Tried to fill out the order form, but it seems us Canadians are out of luck... 

It does say that they will ship to Canadian addresses but it only gives the option to enter state and zip code.

On the other hand I did manage to order a free particulate respirator sample:

https://promo.3m.com/go/3MCAN/Aura


----------



## Big Hoss (Jul 7, 2012)

BpPaint&Reno said:


> Tried to fill out the order form, but it seems us Canadians are out of luck...
> 
> It does say that they will ship to Canadian addresses but it only gives the option to enter state and zip code.
> 
> ...


Try going to the main 3M page and there might be an option for US / Canada. 
IIRC I had to go back and choose this when ordering. :thumbsup:


----------



## Epoxy Pro (Oct 7, 2012)

Just ordered mine this morning. Sharp_Painting Thanks for the link.


----------



## cdaniels (Oct 20, 2012)

Mine's on the way too....thanks Sharp


----------



## South-FL-Painter (Jan 17, 2012)

Enjoy guys!


----------



## South-FL-Painter (Jan 17, 2012)

Everybody got their free hats


----------



## mattvpaint (Jan 30, 2013)

Has any one received there hard hats yet?


----------



## cdaniels (Oct 20, 2012)

Been over a month for me.....still nothing.


----------



## Epoxy Pro (Oct 7, 2012)

Nothing here yet either.


----------



## Schmidt & Co. (Nov 6, 2008)

Not a thing


----------



## Paint and Hammer (Feb 26, 2008)

Nope....but this thread reminds me of a thread last year about some safety glasses from Honeywell. They sent some and I really liked them and they called twice as a follow up. Thought that was pretty impressive actually.


----------



## ProWallGuy (Apr 7, 2007)

Paint and Hammer said:


> Nope....but this thread reminds me of a thread last year about some safety glasses from Honeywell. They sent some and I really liked them and they called twice as a follow up. Thought that was pretty impressive actually.

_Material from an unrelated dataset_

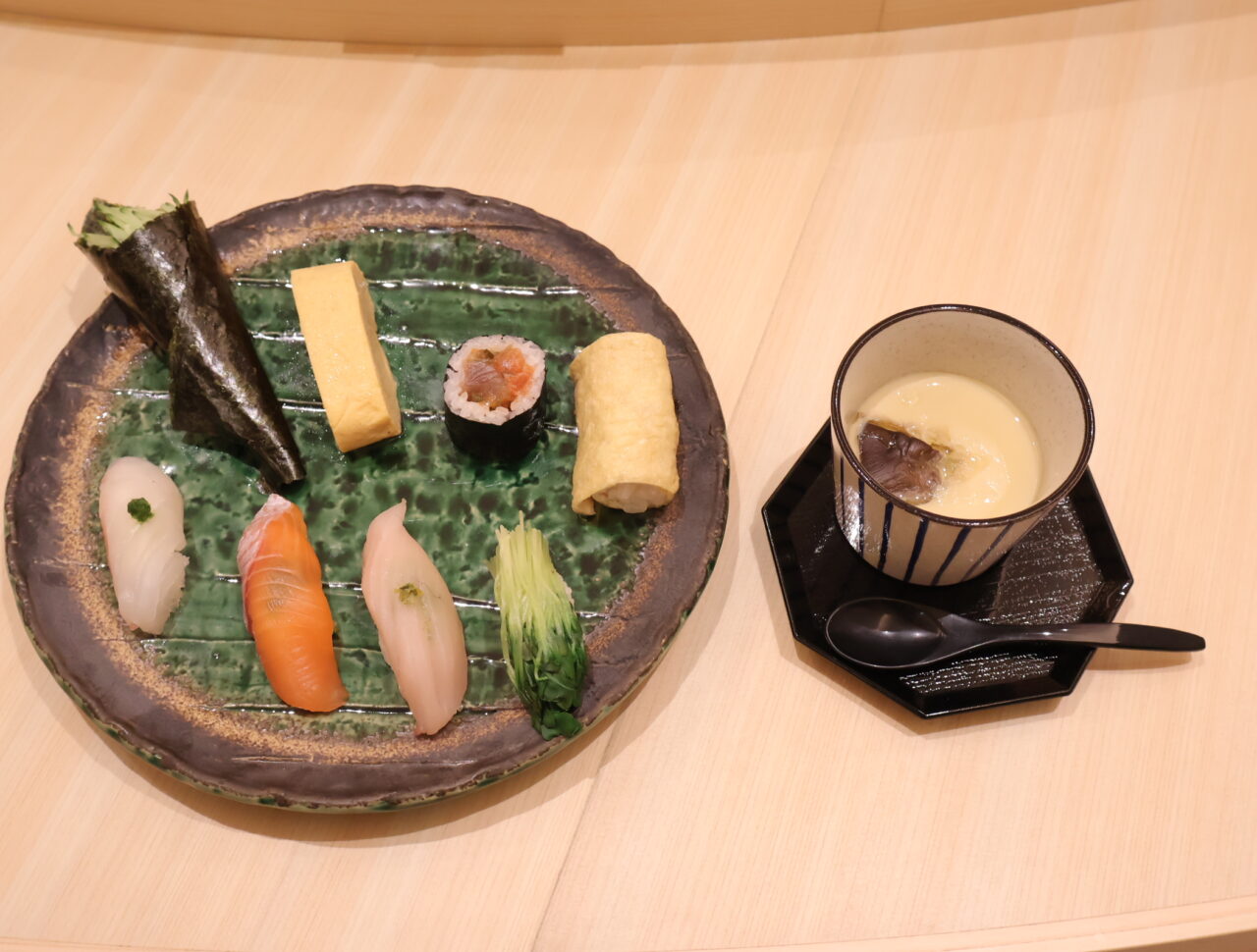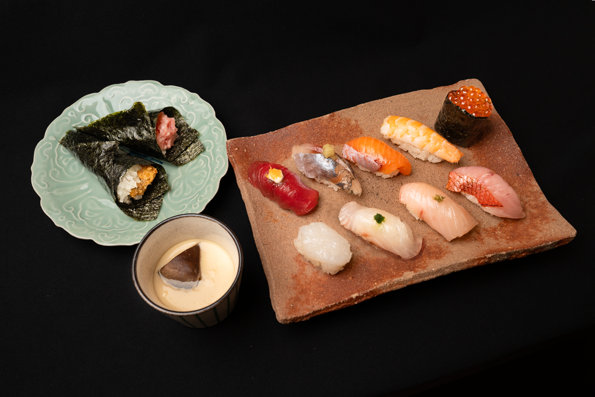 今回いただいた「藤コース」は、その時期に最も美味しい地元の魚介を厳選。シェフの感性が光る極上の握り鮨を中心に、趣向を凝らしたいなりや手巻きなど8貫に茶碗蒸しがついたコースです。

Ditto, I got the glasses last year too, but it took awhile. Still waiting on my brain bucket.


----------



## oldpaintdoc (Apr 11, 2010)

Paint and Hammer said:


> Nope....but this thread reminds me of a thread last year about some safety glasses from Honeywell. They sent some and I really liked them and they called twice as a follow up. Thought that was pretty impressive actually.


No HH here yet.

And never did get my safety glasses.


----------